RAW DATA START
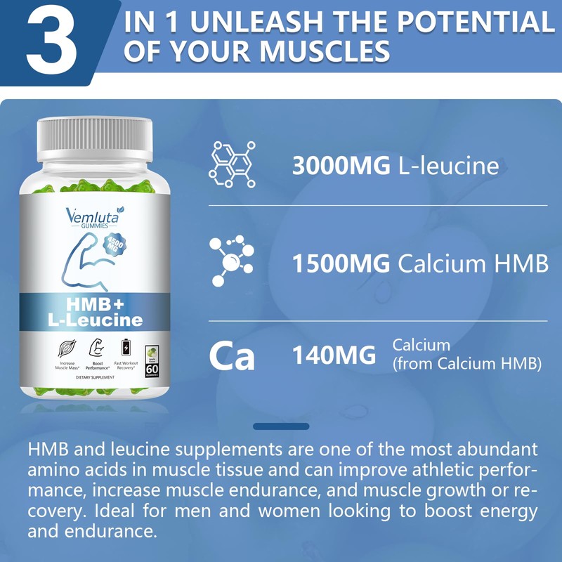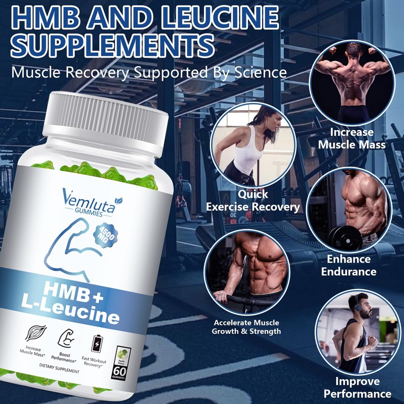 Vemluta 2 Packs HMB and Leucine Supplements Gummies for Men, Women - 4500MG, HMB & Leucine for Muscle Recovery & Growth Support, Non-GMO, Gluten-Free, Adults & Elder, Apple Flavor, 120 Counts
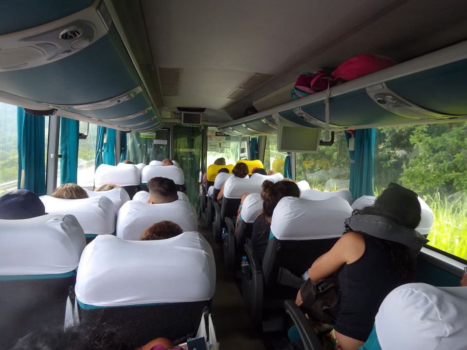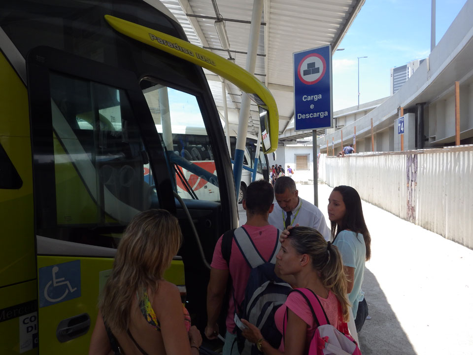 Die Fahrt dauert in der Tat ewig lang. Am Sambadrom vorbei auf der Schnellstraße doch Richtung Rondovaria ging’s nur im Schrittempo. Ich kam hin, suchte nach der Busfirma, hatte ja ein Ticket online gebucht, was ich jetzt nur abholen sollte. „Nur abholen“ ging aber nicht so einfach. Eine gigantische Schlange vor dem Schalter und mein Bus in 15′ – irre. Es gab zwar Automaten für die Ticketvouchers aber die gingen nicht richtig. Zum Glück waren zwei Backpackermädels am Schalter nebenan, die gerade Tickets für Montag kauften und mich rein ließen. Ist nicht die feine Art, sich vor eine Stundenschlange zu drängeln aber besser, als den Bus zu verpassen.
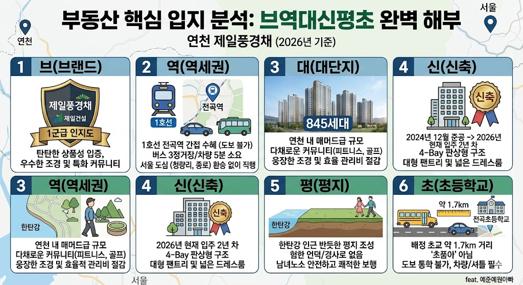 아파트의 미래 가치와 현재의 편리함을 결정짓는 가장 직관적인 6가지 기준인 브역대신평초(브랜드, 역세권, 대단지, 신축, 평지, 초등학교)를 통해 본 단지의 경쟁력을 냉정하게 점검해 보겠습니다.
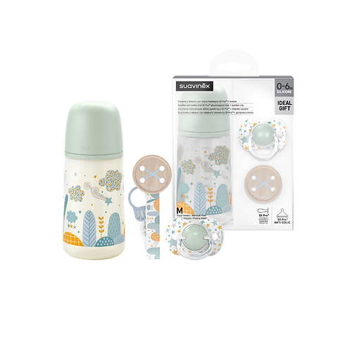 ¡El set de regalo Dream es el regalo perfecto para los nuevos padres! Incluye un biberón de 270ml con flujo medio, tetina Fisiológica SX PRO y válvula anticolicos. También viene con un chupete de 0-6 meses y un broche a juego. ¡Todo lo que necesitas para alimentar y calmar a tu bebé con estilo y comodidad!
RAW DATA END
## WORK REQUEST
Please print the entire listing again exactly, minus its images.

## OUTPUT OF THE TASK
 Vemluta 2 Packs HMB and Leucine Supplements Gummies for Men, Women - 4500MG, HMB & Leucine for Muscle Recovery & Growth Support, Non-GMO, Gluten-Free, Adults & Elder, Apple Flavor, 120 Counts
 Die Fahrt dauert in der Tat ewig lang. Am Sambadrom vorbei auf der Schnellstraße doch Richtung Rondovaria ging’s nur im Schrittempo. Ich kam hin, suchte nach der Busfirma, hatte ja ein Ticket online gebucht, was ich jetzt nur abholen sollte. „Nur abholen“ ging aber nicht so einfach. Eine gigantische Schlange vor dem Schalter und mein Bus in 15′ – irre. Es gab zwar Automaten für die Ticketvouchers aber die gingen nicht richtig. Zum Glück waren zwei Backpackermädels am Schalter nebenan, die gerade Tickets für Montag kauften und mich rein ließen. Ist nicht die feine Art, sich vor eine Stundenschlange zu drängeln aber besser, als den Bus zu verpassen.
 아파트의 미래 가치와 현재의 편리함을 결정짓는 가장 직관적인 6가지 기준인 브역대신평초(브랜드, 역세권, 대단지, 신축, 평지, 초등학교)를 통해 본 단지의 경쟁력을 냉정하게 점검해 보겠습니다.
 ¡El set de regalo Dream es el regalo perfecto para los nuevos padres! Incluye un biberón de 270ml con flujo medio, tetina Fisiológica SX PRO y válvula anticolicos. También viene con un chupete de 0-6 meses y un broche a juego. ¡Todo lo que necesitas para alimentar y calmar a tu bebé con estilo y comodidad!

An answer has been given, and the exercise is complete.